═══ DATA RECORDS
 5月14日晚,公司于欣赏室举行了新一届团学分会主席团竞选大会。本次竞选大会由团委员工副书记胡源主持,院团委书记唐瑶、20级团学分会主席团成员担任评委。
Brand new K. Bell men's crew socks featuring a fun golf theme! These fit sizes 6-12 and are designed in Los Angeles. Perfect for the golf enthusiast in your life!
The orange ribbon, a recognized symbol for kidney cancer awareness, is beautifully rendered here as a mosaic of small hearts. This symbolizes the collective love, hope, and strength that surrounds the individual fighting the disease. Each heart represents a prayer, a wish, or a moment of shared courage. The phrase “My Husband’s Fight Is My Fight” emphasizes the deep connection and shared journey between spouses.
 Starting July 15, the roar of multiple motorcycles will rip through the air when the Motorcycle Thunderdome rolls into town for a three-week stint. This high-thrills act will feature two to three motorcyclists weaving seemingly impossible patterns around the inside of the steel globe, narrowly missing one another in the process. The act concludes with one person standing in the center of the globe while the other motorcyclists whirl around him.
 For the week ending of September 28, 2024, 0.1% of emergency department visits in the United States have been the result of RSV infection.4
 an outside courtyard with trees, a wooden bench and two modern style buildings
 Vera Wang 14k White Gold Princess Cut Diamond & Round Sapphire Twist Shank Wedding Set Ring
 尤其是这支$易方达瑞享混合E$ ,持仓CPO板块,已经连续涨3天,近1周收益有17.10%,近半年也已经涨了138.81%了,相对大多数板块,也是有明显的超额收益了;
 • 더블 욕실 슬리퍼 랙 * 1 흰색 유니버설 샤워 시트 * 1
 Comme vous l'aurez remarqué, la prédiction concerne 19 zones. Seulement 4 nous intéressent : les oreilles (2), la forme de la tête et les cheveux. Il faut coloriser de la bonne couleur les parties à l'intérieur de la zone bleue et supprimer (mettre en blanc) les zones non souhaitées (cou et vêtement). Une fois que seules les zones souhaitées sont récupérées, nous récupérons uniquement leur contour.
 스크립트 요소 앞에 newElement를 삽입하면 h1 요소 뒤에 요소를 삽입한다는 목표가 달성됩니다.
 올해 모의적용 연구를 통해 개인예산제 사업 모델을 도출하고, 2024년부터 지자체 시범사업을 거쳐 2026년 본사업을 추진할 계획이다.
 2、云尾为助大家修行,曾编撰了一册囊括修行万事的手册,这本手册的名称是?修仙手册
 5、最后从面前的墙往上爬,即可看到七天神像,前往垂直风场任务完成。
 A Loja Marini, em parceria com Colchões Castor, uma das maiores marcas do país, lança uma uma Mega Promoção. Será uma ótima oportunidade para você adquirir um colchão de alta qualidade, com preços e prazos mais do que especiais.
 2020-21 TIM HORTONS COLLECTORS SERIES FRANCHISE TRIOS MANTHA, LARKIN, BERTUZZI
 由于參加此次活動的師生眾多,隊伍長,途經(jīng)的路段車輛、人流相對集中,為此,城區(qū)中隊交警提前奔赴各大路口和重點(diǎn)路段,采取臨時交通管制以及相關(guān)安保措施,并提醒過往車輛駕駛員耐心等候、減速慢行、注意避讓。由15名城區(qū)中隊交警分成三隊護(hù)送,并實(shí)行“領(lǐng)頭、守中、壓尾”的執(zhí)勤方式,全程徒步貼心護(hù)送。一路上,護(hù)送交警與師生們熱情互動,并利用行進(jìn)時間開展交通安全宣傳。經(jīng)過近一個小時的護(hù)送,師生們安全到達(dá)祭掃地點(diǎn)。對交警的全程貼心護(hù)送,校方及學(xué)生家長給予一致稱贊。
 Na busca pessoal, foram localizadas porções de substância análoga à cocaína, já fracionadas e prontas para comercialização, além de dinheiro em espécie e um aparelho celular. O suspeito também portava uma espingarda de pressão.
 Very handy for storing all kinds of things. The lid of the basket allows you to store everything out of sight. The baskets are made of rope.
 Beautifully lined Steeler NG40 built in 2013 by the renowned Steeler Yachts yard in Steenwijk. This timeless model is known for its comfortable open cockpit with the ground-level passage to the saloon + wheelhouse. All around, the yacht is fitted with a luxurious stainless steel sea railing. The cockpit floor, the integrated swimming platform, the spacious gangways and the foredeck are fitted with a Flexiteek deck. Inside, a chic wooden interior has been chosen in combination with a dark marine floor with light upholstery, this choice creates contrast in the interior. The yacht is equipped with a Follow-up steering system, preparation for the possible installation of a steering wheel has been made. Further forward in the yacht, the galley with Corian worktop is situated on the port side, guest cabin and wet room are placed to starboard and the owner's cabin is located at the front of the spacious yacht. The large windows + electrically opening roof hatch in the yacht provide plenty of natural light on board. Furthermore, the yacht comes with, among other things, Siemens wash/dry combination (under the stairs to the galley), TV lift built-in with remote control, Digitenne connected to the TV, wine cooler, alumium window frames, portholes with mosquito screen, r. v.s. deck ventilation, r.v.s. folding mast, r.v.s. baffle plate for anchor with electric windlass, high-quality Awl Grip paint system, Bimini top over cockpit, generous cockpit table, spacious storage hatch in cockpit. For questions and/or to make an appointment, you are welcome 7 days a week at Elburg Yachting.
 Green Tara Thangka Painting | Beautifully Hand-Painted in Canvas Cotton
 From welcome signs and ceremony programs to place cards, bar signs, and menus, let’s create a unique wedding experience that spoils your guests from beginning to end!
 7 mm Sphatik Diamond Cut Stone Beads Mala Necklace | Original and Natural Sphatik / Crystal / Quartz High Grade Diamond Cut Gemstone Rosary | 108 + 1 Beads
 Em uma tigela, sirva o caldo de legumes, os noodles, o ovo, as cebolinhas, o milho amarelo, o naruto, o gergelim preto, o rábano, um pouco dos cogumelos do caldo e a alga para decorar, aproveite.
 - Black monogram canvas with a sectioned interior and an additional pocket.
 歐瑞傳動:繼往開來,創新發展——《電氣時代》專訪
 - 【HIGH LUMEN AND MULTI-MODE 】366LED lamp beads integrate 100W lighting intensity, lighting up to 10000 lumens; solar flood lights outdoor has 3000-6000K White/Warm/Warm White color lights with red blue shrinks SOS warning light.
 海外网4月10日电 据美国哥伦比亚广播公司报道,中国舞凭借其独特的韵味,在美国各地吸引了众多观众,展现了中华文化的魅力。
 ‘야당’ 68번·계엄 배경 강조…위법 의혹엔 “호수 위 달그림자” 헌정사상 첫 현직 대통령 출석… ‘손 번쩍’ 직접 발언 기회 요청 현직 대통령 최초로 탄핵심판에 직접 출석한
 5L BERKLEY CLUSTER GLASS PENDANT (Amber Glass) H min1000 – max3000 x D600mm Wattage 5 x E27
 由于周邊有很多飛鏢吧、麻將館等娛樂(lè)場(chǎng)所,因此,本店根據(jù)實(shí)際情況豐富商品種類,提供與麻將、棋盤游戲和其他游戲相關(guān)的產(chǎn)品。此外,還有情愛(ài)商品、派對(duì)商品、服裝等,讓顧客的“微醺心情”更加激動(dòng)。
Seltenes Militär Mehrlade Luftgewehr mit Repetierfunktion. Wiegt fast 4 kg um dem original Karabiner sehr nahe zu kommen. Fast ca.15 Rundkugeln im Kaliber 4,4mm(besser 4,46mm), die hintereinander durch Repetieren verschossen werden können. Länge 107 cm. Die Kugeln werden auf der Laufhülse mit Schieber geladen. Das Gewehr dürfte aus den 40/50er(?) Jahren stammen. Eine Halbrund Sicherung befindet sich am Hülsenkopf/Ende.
══════
_WORK TASK:_
Looking at the records above, state the number of lines where the word "guān" occurs, and write nothing beyond it.

_SOLUTION FOR THIS TASK:_
2